Uli Hoeness war trotz Niederlage mit dem Auftritt seiner Bayern in Dortmund zufrieden.
Bild: Getty

Auch nach der 2:3-Niederlage bei Borussia Dortmund wird Trainer Niko Kovac bei Bayern München der Rücken gestärkt. Viel mehr könnte es im Spielerkader bald zu grossen Veränderungen kommen.
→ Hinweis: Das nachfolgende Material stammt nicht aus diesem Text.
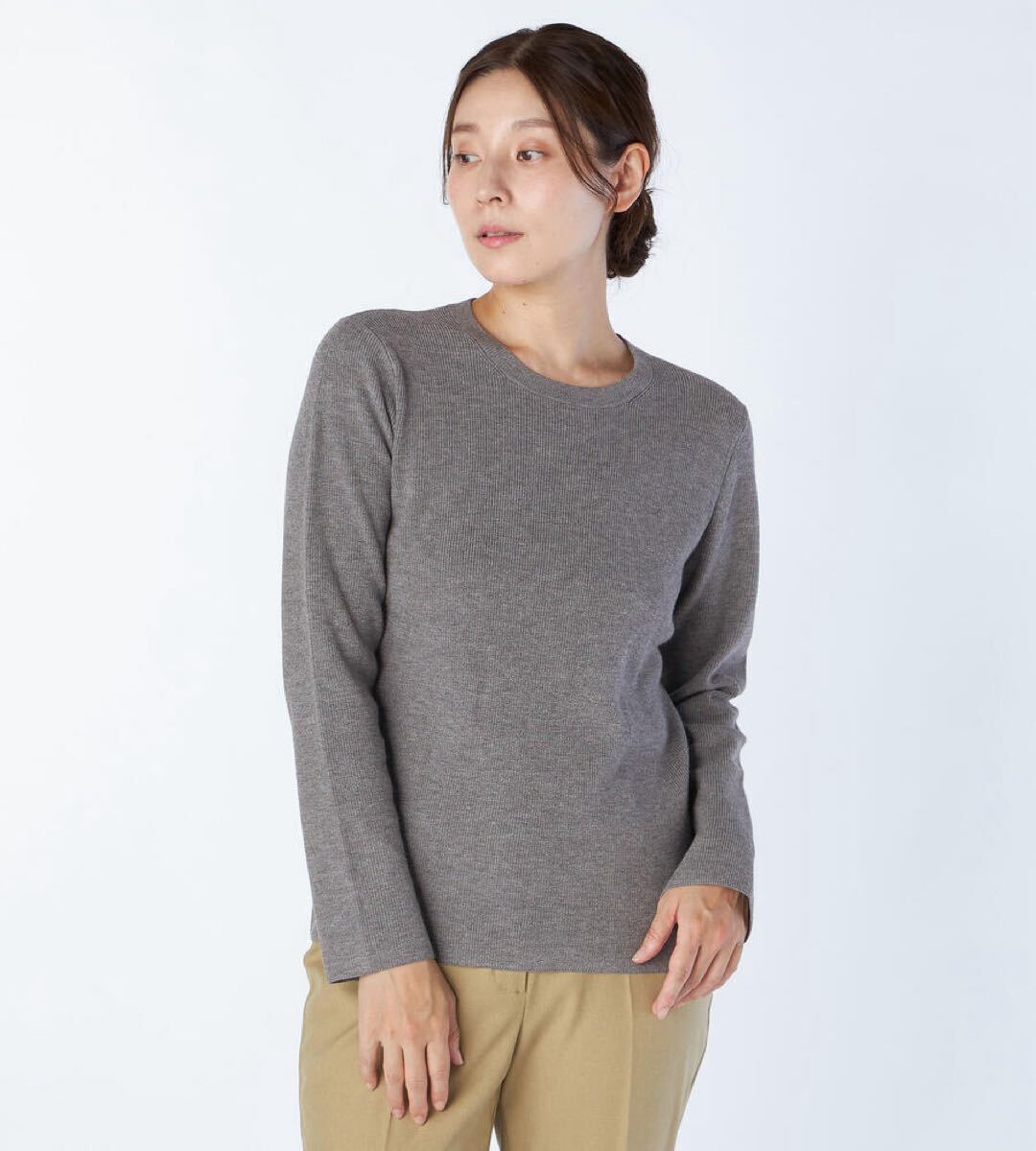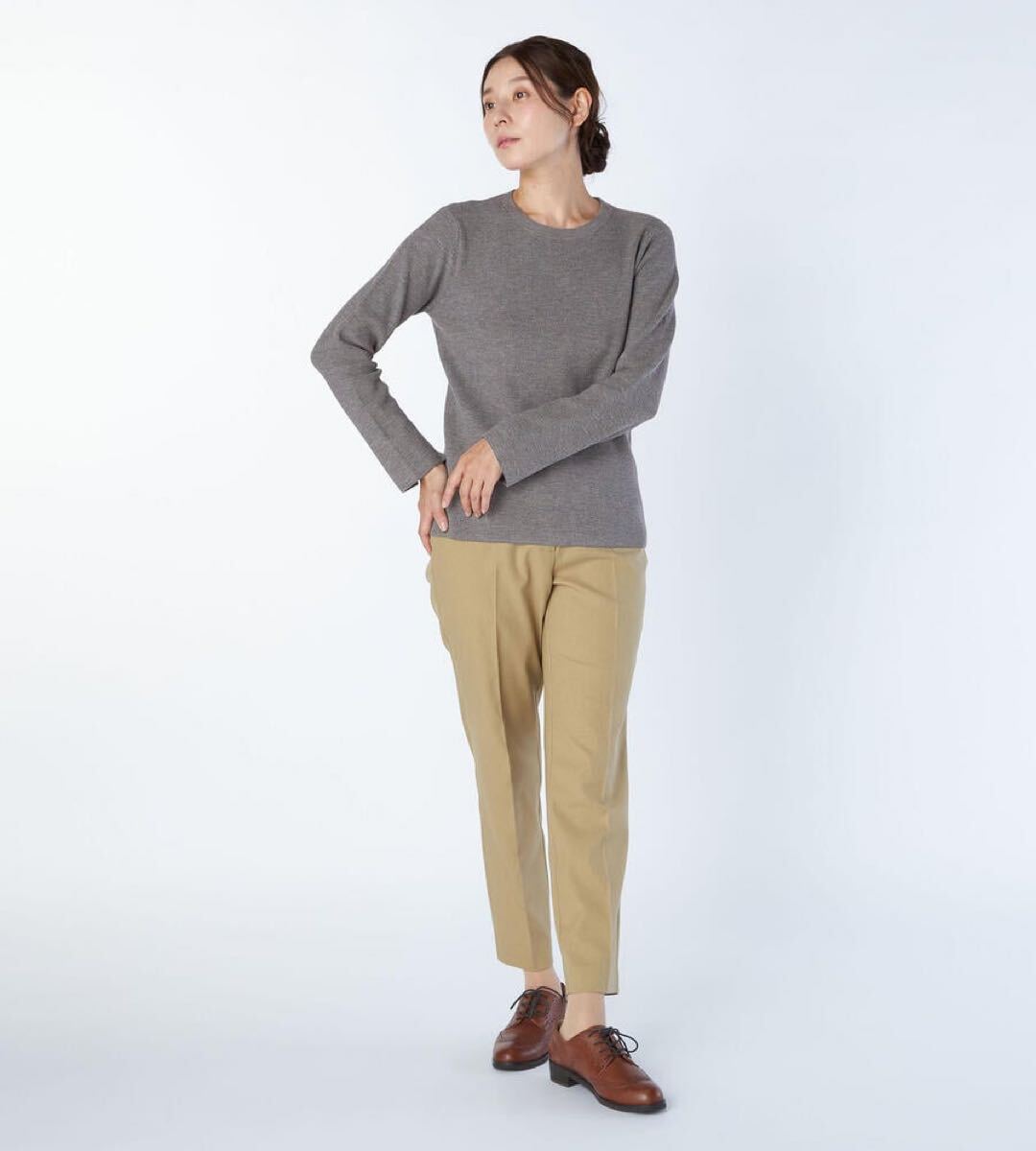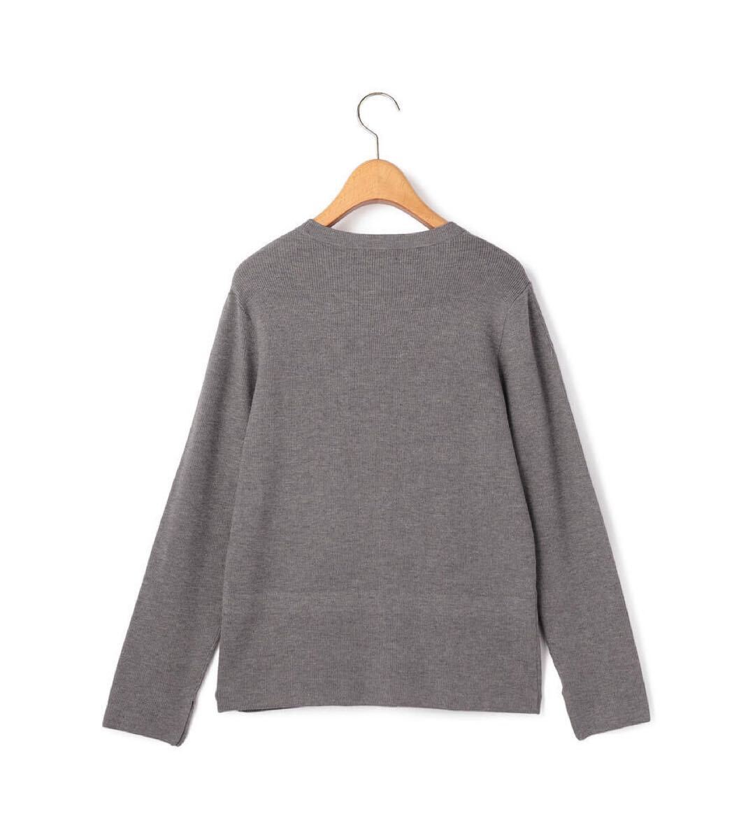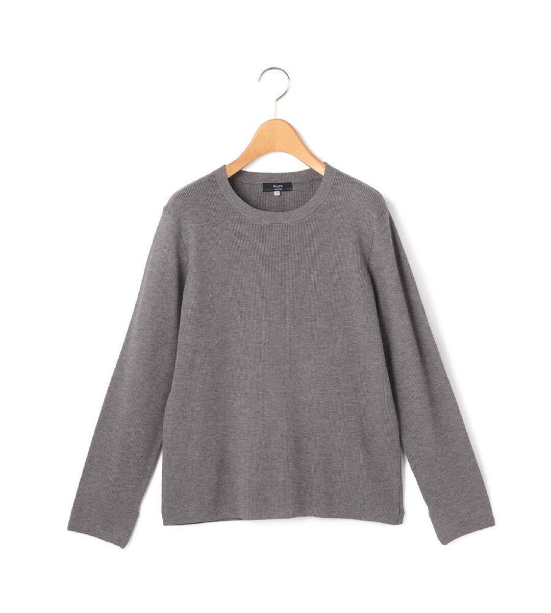 レーヨン中心の素材で、季節の変わり目に快適に着用できるシンプルニット。

Der Klassiker hielt, was er versprach. Dortmund fand am Samstag gegen Bayern zweimal nach einem Rückstand zurück ins Spiel und gewann eine Partie, an die man sich noch lange erinnern wird, am Ende nicht unverdient mit 3:2. Dank diesem Sieg hat das Team von Lucien Favre nun schon sieben Punkte Vorsprung auf die Bayern, die auf Platz 5 abgerutscht sind.

Um von einer Wachablösung im deutschen Fussball zu sprechen, ist es natürlich noch viel zu früh. Und trotz des ganzen Wirbels um den Rekordmeister aus München in den letzten Wochen, scheint man bei den Bayern – zumindest was das Sportliche angeht – nach wie vor ziemlich entspannt zu sein. «Die Bundesliga macht jetzt wieder richtig Spass», sagt etwa Präsident Uli Hoeness am Sonntag in der «Sky»-Sendung «Wontorra – der Fussball-Talk». Mit der Leistung seiner Mannschaft sei er trotz der Niederlage «mehr als zufrieden». Das Spiel habe gezeigt, «dass wir auf dem Weg zur alten Form sind».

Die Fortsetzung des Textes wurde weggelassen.